• _Input for this task_
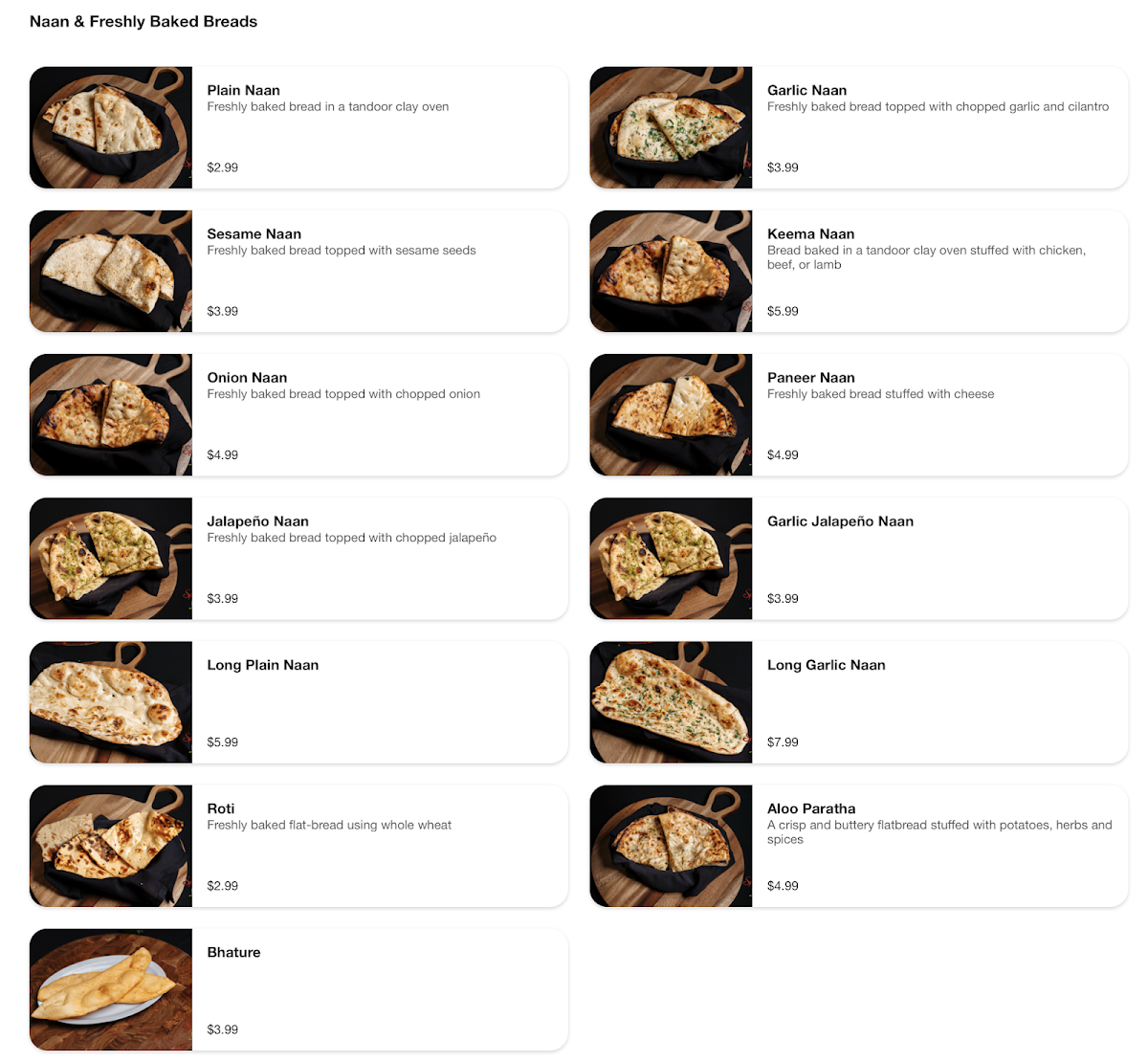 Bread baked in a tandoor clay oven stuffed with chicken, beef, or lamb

==

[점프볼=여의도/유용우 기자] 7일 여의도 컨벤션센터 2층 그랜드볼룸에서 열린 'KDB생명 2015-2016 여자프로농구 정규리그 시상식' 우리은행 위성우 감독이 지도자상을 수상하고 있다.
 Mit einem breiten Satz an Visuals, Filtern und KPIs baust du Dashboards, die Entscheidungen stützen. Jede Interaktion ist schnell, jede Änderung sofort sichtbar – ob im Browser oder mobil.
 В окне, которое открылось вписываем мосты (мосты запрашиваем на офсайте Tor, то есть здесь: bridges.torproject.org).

• _Problem to work on_
Above are the records. Copy the lines beginning at the one that has "[점프볼=여의도/유용우 기자] 7일" and ending with the one that has "В окне, которое", unchanged.

• _Exercise solution_
[점프볼=여의도/유용우 기자] 7일 여의도 컨벤션센터 2층 그랜드볼룸에서 열린 'KDB생명 2015-2016 여자프로농구 정규리그 시상식' 우리은행 위성우 감독이 지도자상을 수상하고 있다.
 Mit einem breiten Satz an Visuals, Filtern und KPIs baust du Dashboards, die Entscheidungen stützen. Jede Interaktion ist schnell, jede Änderung sofort sichtbar – ob im Browser oder mobil.
 В окне, которое открылось вписываем мосты (мосты запрашиваем на офсайте Tor, то есть здесь: bridges.torproject.org).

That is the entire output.